A New Monitoring Toolkit Empowers Countries to Track Provider Payment Systems

Achieving universal health coverage—ensuring access to basic health services for an entire population without risk of financial hardship or impoverishment—is a challenge confronting many countries. To sustain progress toward universal health coverage (UHC), governments must generate resources for expanding coverage, distribute the resources equitably, and use them efficiently to achieve the most benefit in terms of meeting health care needs, ensuring quality of care, and protecting users from financial hardship due to out-of-pocket payments – functions that all get affected by the efficacy of provider payment systems.   

A new data analytics toolkit, released by the Joint Learning Network for Universal Health Coverage (JLN), is aiming to arm the countries with meaningful monitoring of health provider payment systems, even when the data availability is not perfect. 

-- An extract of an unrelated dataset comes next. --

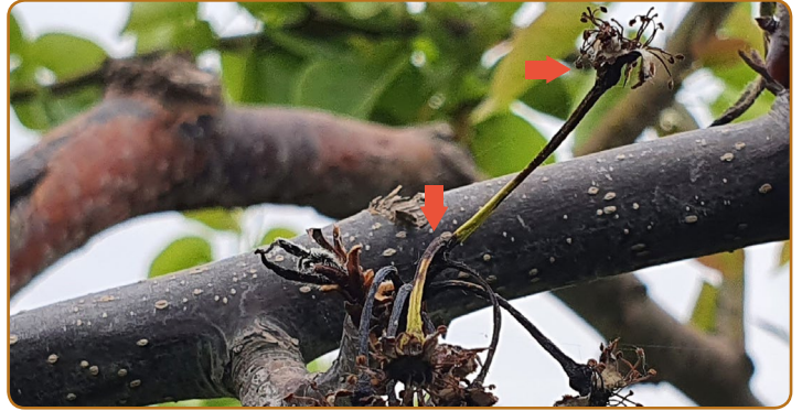
▲ 꽃대가 검게 마름

“Using Data analytics to Monitor Health Provider Payment Systems: A Toolkit for Countries Working Toward Universal Health Coverage” is being launched at the 2nd Annual Universal Health Coverage Financing Forum, held April 20-21 in Washington DC, where over 300 participants have gathered from over 40 countries to discuss the challenges and learn about practical pathways to improving the efficiency of health financing.  

An effective provider payment system is a critical stepping stone to achieving UHC. Provider payment systems consist of one or more provider payment methods and all supporting systems, such as contracting and reporting mechanisms, information systems, and financial management systems. Nearly every country that is working toward UHC is developing or improving strategic provider payment systems.

It is important to collect information about the implementation and maintenance of provider payment systems, to track how providers are responding, whether objectives for service delivery and other goals are being achieved, and to watch for any unintended consequences, such as overuse of expensive services, excessive referrals, or skimping on necessary care. 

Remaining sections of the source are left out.